Responsible_Set_8218@reddit
From what I've gathered, New Zealand introduced a new immigration policy that was beneficial to Koreans and other Asians in the 90s. https://teara.govt.nz/en/koreans/print
wombatstylekungfu@reddit
Thanks!
woolfonmynoggin@reddit
Because the victims moved all over the world including NZ. Think for one second
imunfair@reddit
That's silly reasoning. Monuments are generally placed where things happened, not in random diaspora locations.
fishling@reddit
The number of monuments that exist where things didn't happen show that you are wildly wrong here.

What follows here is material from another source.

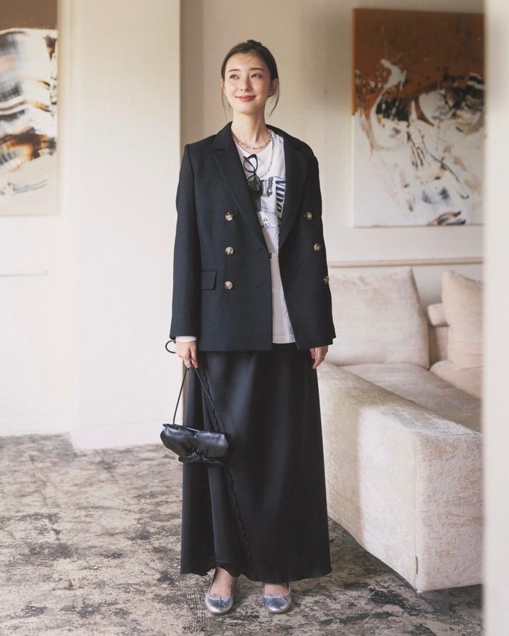 11月12日(水)、きれいめ派でもグラフィックTシャツを取り入れたい。それならモノトーンのアイテムを選ぶのが正解です。ゴールドボタンのジャケットを羽織れば、Tシャツのカジュアルさが程よく中和されて、上品なムードに。黒のサテンスカートで大人っぽい艶感を足して、抜けのある“ハンサムフェミニン”が完成します。足元はぺたんこ靴やローヒールで、気負わないこなれ感をプラスして。
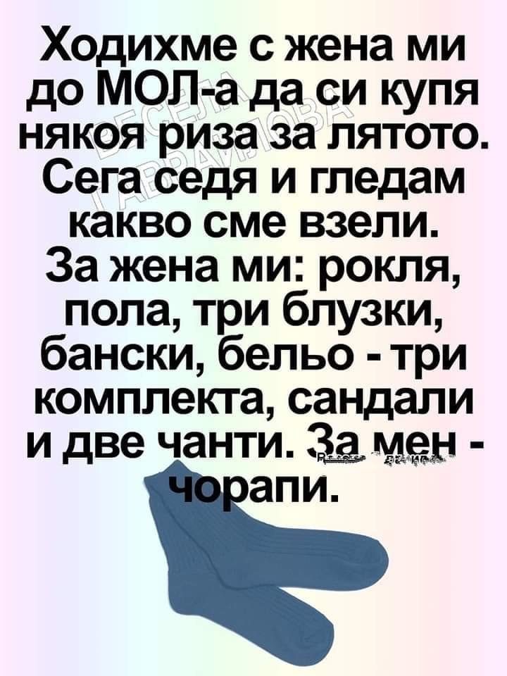 - Ало, Мечо! Днес си купих ботушки от мола. Кафяви, кожени, с катарама! Нали не се сърдиш, мило? Многооо те обичкам!

For an obvious example, every war memorial in the continental US for wars/veterans after 1900 (e.g. WW1, WW2, etc) are not placed where things happened.
imunfair@reddit
Monuments to veterans of a war usually get erected in the country the veterans are from, even if the war was fought overseas, because the impact and honor are due on home soil.
The only examples anyone has given that fall outside this rule are holocaust memorials, but that's not surprising - normal rules don't really apply when it comes to them.
civodar@reddit
Naw, there’s an Irish famine memorial in Ontario Canada and a Holocaust memorial too. I’m pretty sure America has multiple memorials for the famine and the Holocaust as well.
It’s because so many immigrants from those parts came over and shaped the country after experiencing those tragedies, I’m sure the same is true for NZ.
Hell, there’s a Choctaw monument in Ireland.
It’s honestly not that weird, you just gotta get out there more.
GravelPepper@reddit
Username checks out
reflexive-polytope@reddit
If there's a Holocaust Memorial in the US (which, just to be clear, I don't oppose at all), then why can't there be an acknowledgement of the suffering of comfort women in New Zealand?
speedyspeedys@reddit
There's a holocaust memorial in New Zealand as well.
floydianvergil@reddit
Does it really matter if it makes sense to you or not? A symbol of Acknowledgement for reminding crimes against humanity, what's wrong with that?
WillListenToStories@reddit
Japan having a hissy fit over actual history is not a good look. They did tons of horrible things during their East Asia Co-Prosperity Sphere era, pretending otherwise is absolutely pathetic.
nw342@reddit
They deny their crimes all the time, and gloss over a lot of their 1900-1945 history.
WillListenToStories@reddit
Ugh, I know, it's such gross and pathetic behaviour. Like how fragile are you that you can't even acknowledge your own history? So weak.
nw342@reddit
we didn't punish Japan enough for their crimes in ww2. Not executing the top brass and emperor because "the Japanese people would be sad" was a huge mistake.